One thing the current release of Vorbis does not have is channel coupling (like mid-side stereo, although we'll be doing it differently). Beta 1 and beta 2 actually include multiple totally separate channels. The fact that we equal and better mp3's quality missing this huge piece is exciting. Mid/side stereo in mp3 drops the final bitrate of a stereo stream by 30-50kbps. To get a real comparison of Vorbis vs. mp3, compare mono streams or force the mp3 encoder not to use joint/intensity stereo (eg, -m m in LAME 3.84). Vorbis at 56kbps mono beats mp3 at 80kbps. At equal bitrate there's no comparison at all.
Slashdot:For those just tuning in, what's the project all about, and how did it get started?
The Vorbis codec is a lossy audio compression codec similar to mp3, but we're shooting for better performance (lower bitrates for a given level of quality) as well as keeping it totally Free as in Beer and Speech. I started work on Vorbis a week or two after Fraunhofer sent out 'cease and desist' letters to several free mp3 encoder projects in the fall of '98. At that point, it was clear the worst case was happening; the squeeze was on by commercial entities to not only dominate the legal distribution of music, but the underlying technology as well. A 'free license' to owned technology means nothing (and that's why Real and Windows Media are also worthless as infrastructure to us).
Fraunhofer (and MPEG in general) and the RIAA are also a bit too friendly behind the scenes, if not entirely in bed together.

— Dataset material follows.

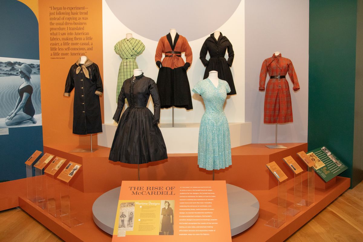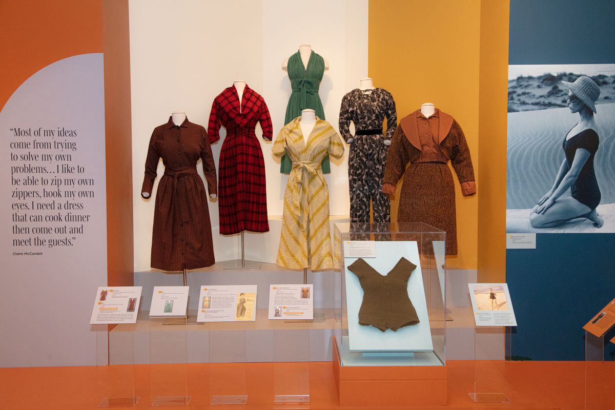 Installation view of Claire McCardell exhibit at Maryland Center for History and Culture

If you really believe SDMI is about protecting the artists, well, I have some wonderful Oklahoma beachfront property for sale at prices that are a steal, but you'd better act fast!

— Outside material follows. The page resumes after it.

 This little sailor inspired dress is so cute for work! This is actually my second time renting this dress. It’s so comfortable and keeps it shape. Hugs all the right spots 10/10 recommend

It's ironic that at the same time mp3 has been an agent to open up music distribution, it's becoming a tool for commercial interests to reclaim control. If online music is to fulfill its potential, an oligarchy can't be allowed to control its distribution or the technology behind it. The Internet would not have reached critical mass if it was a product of Microsoft or AOL or Oracle... It wouldn't ever have happened. Corporate control of every facet of online music will just strangle it in the cradle. The inventors of the Internet 'gave it away,' and that's been a great thing for business. However, the important lesson here is that the foundations were set in stone and wrought from iron before any company had self-interested influence. TCP/IP (brought to you by research laboratories) is elegant and farsighted; it's taken thirty years for it to begin wearing thin. E-mail is similarly brought to you from academia. HTML, on the other hand, (as ultimately brought to you by Netscape and Microsoft) makes good engineers weep and gnash their teeth.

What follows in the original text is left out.